===== AVAILABLE DATA

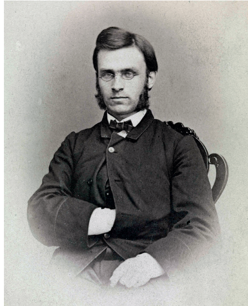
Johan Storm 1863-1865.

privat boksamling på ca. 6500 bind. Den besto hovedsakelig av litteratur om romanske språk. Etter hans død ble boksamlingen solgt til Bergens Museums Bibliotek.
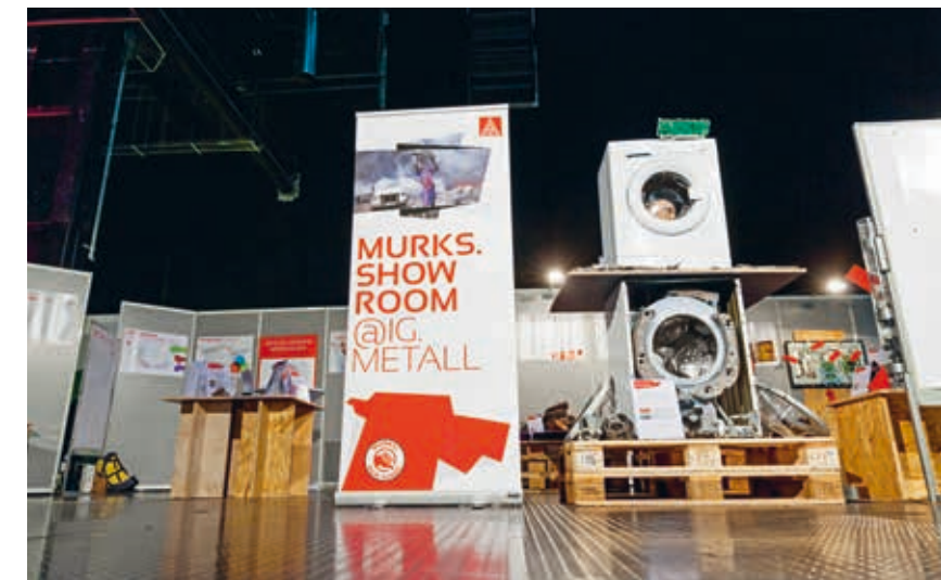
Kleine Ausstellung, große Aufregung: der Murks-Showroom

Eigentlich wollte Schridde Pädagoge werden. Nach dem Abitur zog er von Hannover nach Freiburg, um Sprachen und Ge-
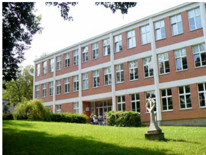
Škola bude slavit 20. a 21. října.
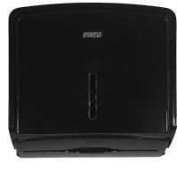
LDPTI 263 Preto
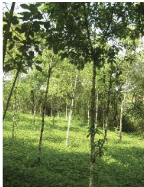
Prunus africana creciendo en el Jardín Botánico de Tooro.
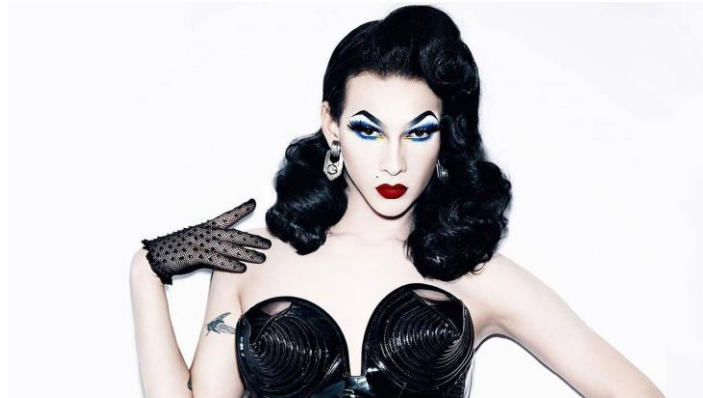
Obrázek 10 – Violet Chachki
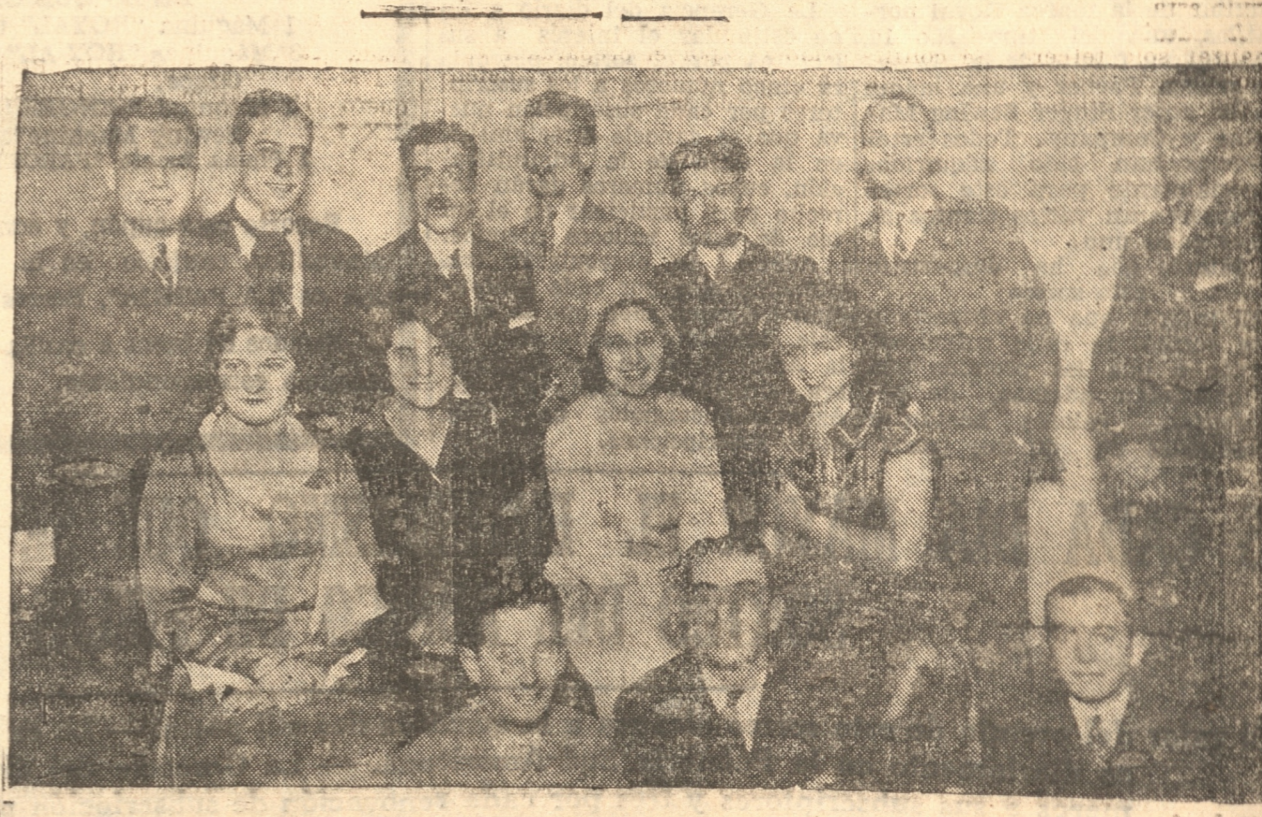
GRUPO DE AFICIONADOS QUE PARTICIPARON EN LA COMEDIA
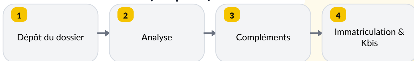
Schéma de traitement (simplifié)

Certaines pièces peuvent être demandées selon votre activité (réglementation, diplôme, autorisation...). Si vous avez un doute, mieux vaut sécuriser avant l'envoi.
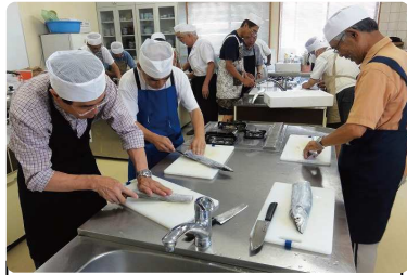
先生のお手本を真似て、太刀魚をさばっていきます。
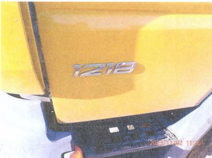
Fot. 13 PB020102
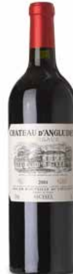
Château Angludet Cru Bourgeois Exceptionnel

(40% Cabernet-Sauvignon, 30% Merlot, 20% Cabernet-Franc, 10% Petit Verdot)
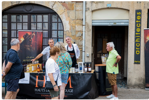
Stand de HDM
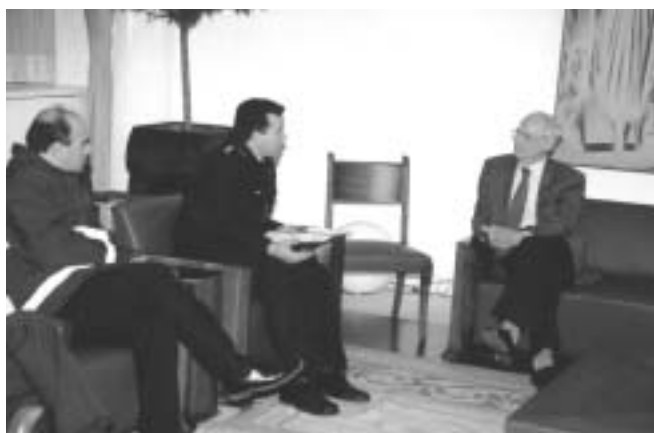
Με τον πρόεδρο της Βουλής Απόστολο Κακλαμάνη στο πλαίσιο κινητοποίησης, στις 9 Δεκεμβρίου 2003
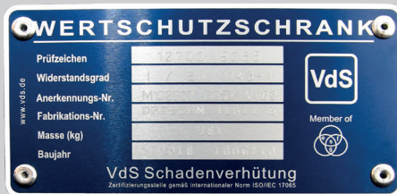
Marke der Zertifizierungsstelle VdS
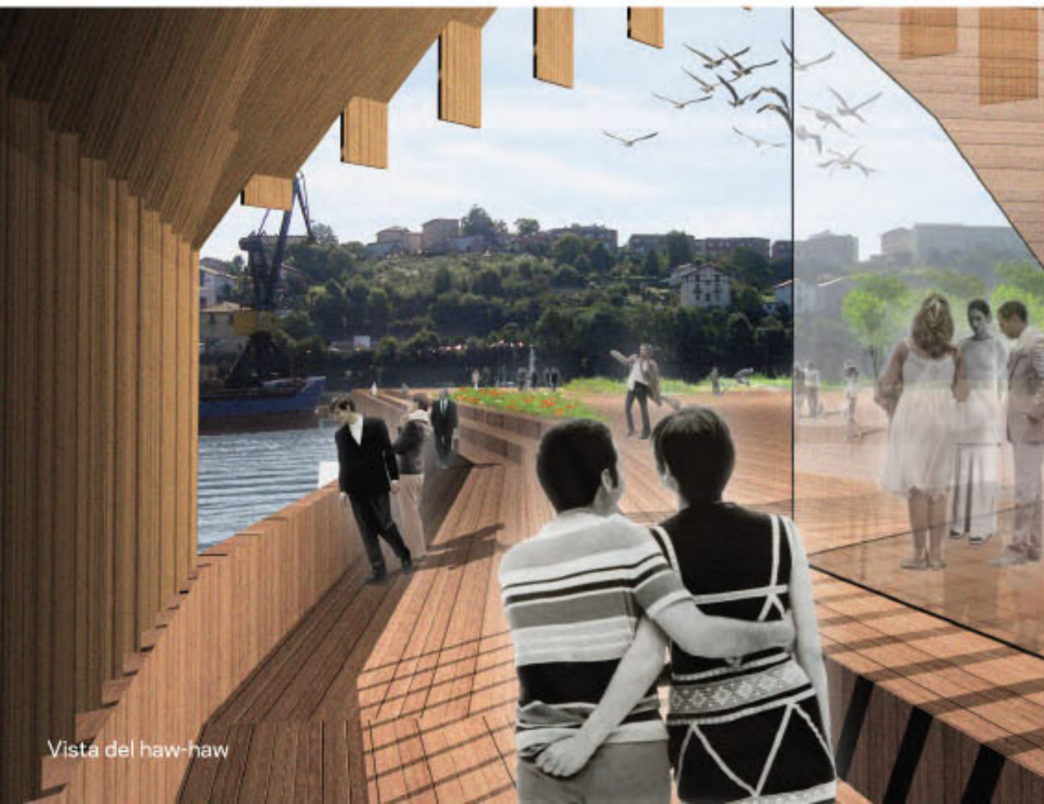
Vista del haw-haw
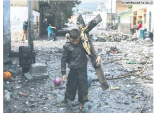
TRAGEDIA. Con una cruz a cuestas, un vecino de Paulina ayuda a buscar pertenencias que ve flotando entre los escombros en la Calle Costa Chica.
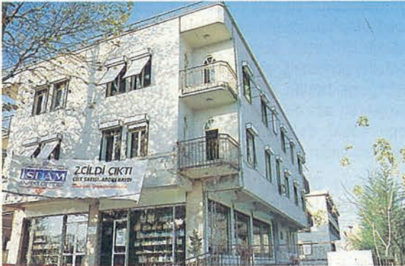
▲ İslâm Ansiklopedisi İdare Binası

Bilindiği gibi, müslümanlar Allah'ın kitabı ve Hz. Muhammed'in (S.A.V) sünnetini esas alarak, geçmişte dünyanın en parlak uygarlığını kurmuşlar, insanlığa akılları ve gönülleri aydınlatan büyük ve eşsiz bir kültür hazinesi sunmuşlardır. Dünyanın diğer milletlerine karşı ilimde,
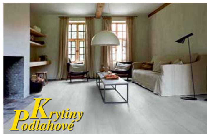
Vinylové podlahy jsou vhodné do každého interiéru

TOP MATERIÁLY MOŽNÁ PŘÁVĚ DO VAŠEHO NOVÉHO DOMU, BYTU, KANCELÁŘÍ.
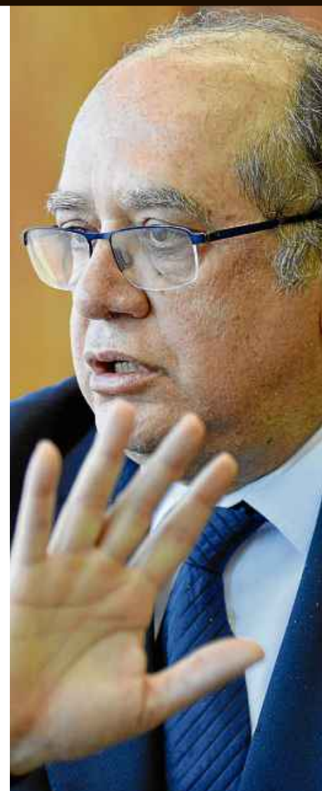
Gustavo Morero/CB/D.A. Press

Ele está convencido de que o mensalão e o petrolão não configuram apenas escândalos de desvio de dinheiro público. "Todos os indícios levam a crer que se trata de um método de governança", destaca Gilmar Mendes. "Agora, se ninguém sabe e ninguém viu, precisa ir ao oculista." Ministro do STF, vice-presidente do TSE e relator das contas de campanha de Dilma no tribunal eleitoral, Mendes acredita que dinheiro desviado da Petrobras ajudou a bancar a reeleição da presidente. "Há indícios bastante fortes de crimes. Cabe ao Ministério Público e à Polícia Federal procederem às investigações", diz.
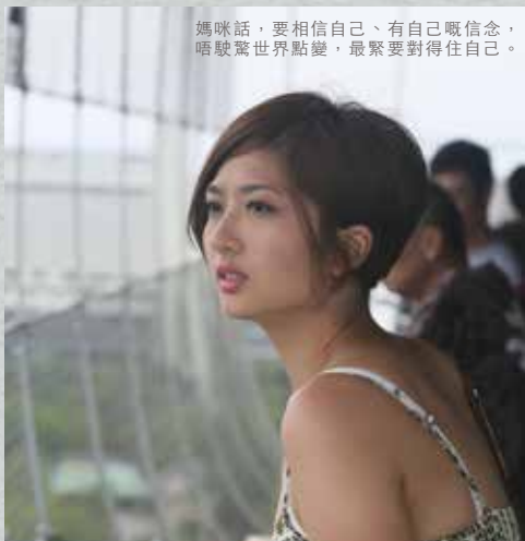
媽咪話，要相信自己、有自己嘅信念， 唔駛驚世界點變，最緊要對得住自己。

==========

- WORK REQUIRED
Having found the line with "先生のお手本を真似て、太刀魚をさばっていきます。" and the line with "Gustavo Morero/CB/D.A. Press" in the material above, write out exactly those two and every line between, leaving the pictures out.

- ANSWER SECTION
先生のお手本を真似て、太刀魚をさばっていきます。
Fot. 13 PB020102
Château Angludet Cru Bourgeois Exceptionnel

(40% Cabernet-Sauvignon, 30% Merlot, 20% Cabernet-Franc, 10% Petit Verdot)
Stand de HDM
Με τον πρόεδρο της Βουλής Απόστολο Κακλαμάνη στο πλαίσιο κινητοποίησης, στις 9 Δεκεμβρίου 2003
Marke der Zertifizierungsstelle VdS
Vista del haw-haw
TRAGEDIA. Con una cruz a cuestas, un vecino de Paulina ayuda a buscar pertenencias que ve flotando entre los escombros en la Calle Costa Chica.
▲ İslâm Ansiklopedisi İdare Binası

Bilindiği gibi, müslümanlar Allah'ın kitabı ve Hz. Muhammed'in (S.A.V) sünnetini esas alarak, geçmişte dünyanın en parlak uygarlığını kurmuşlar, insanlığa akılları ve gönülleri aydınlatan büyük ve eşsiz bir kültür hazinesi sunmuşlardır. Dünyanın diğer milletlerine karşı ilimde,
Vinylové podlahy jsou vhodné do každého interiéru

TOP MATERIÁLY MOŽNÁ PŘÁVĚ DO VAŠEHO NOVÉHO DOMU, BYTU, KANCELÁŘÍ.
Gustavo Morero/CB/D.A. Press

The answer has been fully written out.